§ Work item:
Only the lines below from the one containing "LZEL Celeris PowerDuo" through the one containing "3本目からはファンダイビング、3人揃って青の洞窟探検へ行きました![]()" belong in the answer, set down exactly, with the pictures left out.

§ Records for this exercise:

╔══

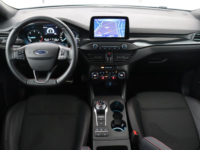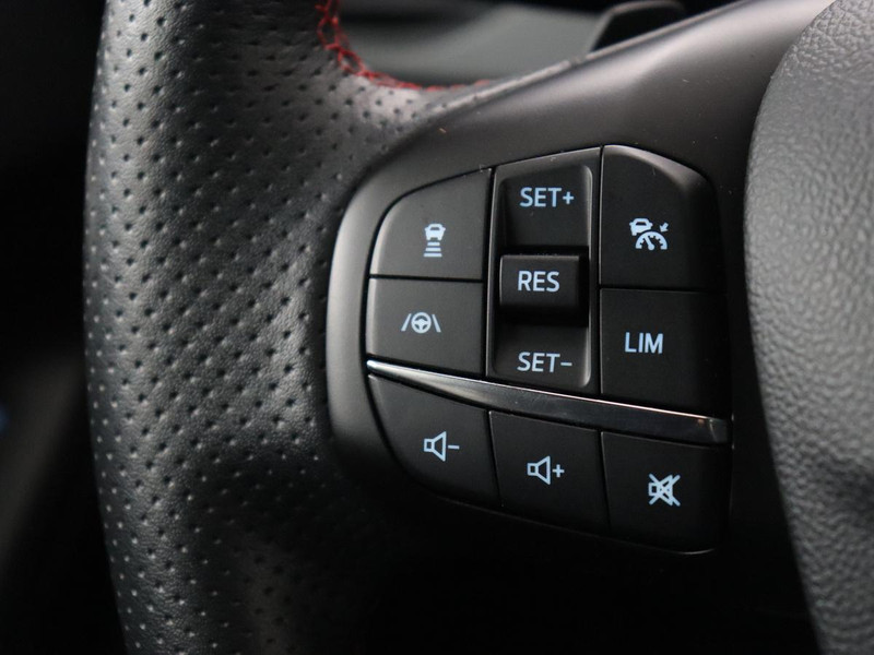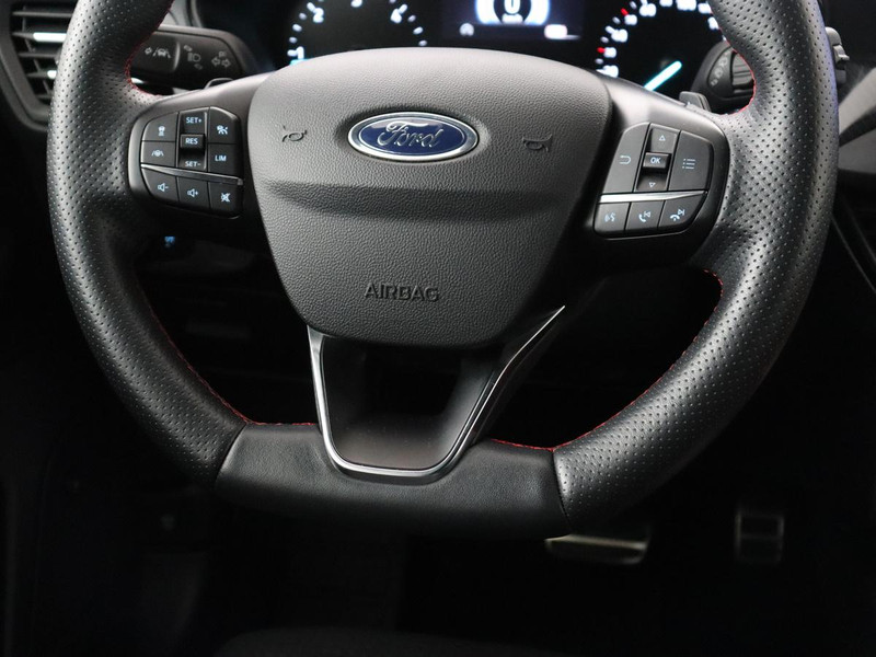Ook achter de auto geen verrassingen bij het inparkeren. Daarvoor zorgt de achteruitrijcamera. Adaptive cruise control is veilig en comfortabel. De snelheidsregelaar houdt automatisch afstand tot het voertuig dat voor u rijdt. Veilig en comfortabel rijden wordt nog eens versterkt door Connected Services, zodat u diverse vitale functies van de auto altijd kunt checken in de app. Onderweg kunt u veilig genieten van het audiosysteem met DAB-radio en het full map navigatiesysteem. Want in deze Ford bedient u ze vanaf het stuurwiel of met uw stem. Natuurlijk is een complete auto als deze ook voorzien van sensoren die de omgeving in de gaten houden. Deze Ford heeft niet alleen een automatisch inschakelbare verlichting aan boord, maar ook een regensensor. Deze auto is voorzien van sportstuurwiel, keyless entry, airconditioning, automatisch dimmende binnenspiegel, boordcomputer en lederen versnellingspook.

╚══
╔══

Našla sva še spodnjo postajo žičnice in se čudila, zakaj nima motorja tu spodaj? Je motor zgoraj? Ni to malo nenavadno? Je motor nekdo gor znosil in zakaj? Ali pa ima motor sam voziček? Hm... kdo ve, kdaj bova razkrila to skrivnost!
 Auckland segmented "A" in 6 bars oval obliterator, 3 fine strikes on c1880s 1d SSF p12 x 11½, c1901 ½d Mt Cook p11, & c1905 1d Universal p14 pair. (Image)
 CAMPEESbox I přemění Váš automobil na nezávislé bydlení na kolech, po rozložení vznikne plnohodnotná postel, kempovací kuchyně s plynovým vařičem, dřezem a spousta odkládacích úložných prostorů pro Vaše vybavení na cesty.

╚══
╔══

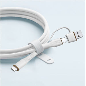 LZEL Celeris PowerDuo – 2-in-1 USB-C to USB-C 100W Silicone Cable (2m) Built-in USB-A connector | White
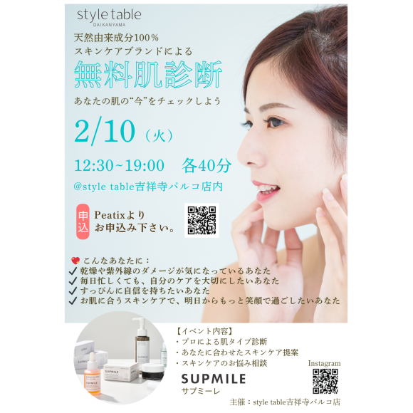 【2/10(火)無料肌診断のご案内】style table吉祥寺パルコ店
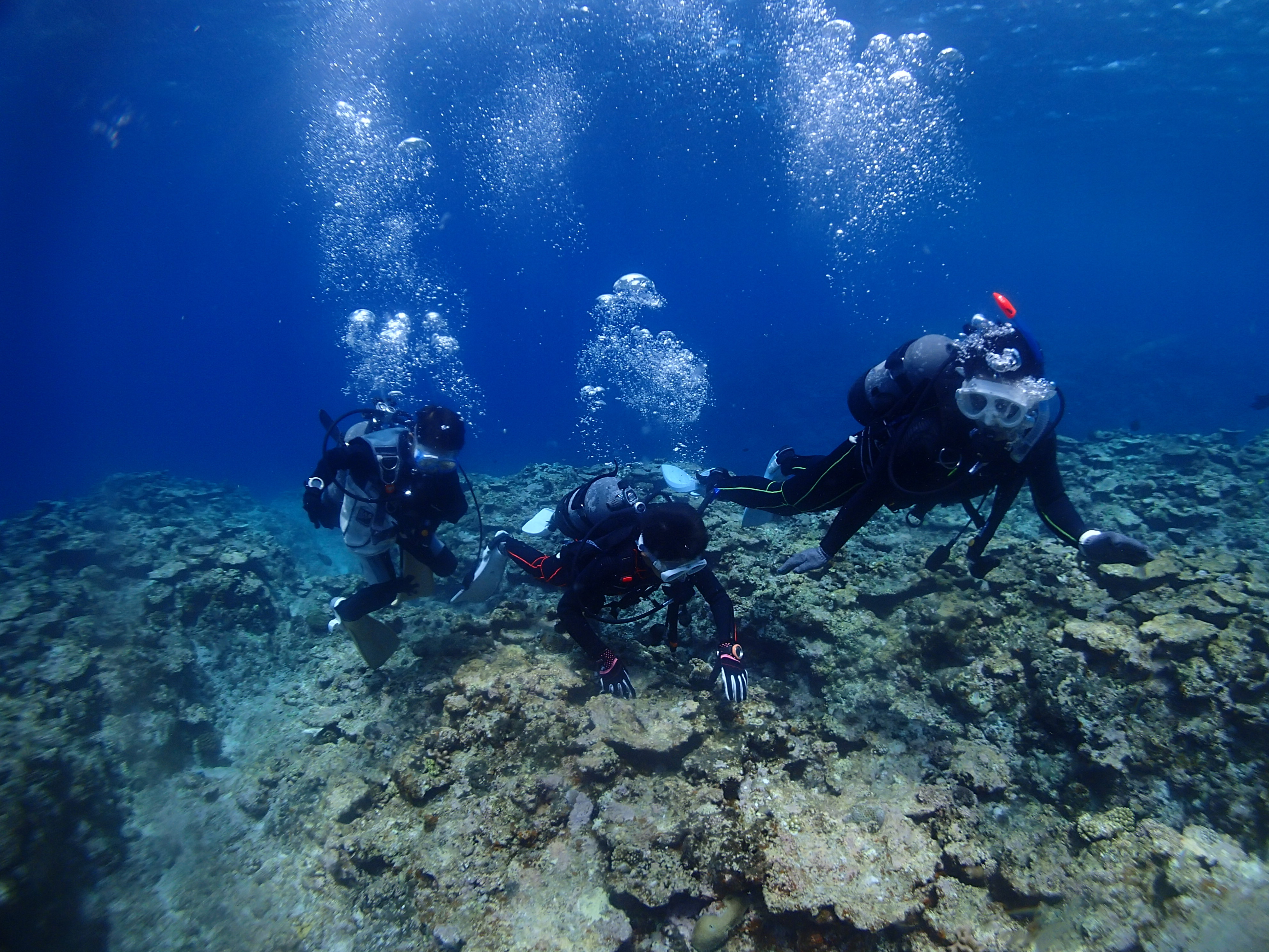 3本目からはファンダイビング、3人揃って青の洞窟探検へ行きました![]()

╚══

§ Task solution:
 LZEL Celeris PowerDuo – 2-in-1 USB-C to USB-C 100W Silicone Cable (2m) Built-in USB-A connector | White
 【2/10(火)無料肌診断のご案内】style table吉祥寺パルコ店
 3本目からはファンダイビング、3人揃って青の洞窟探検へ行きました![]()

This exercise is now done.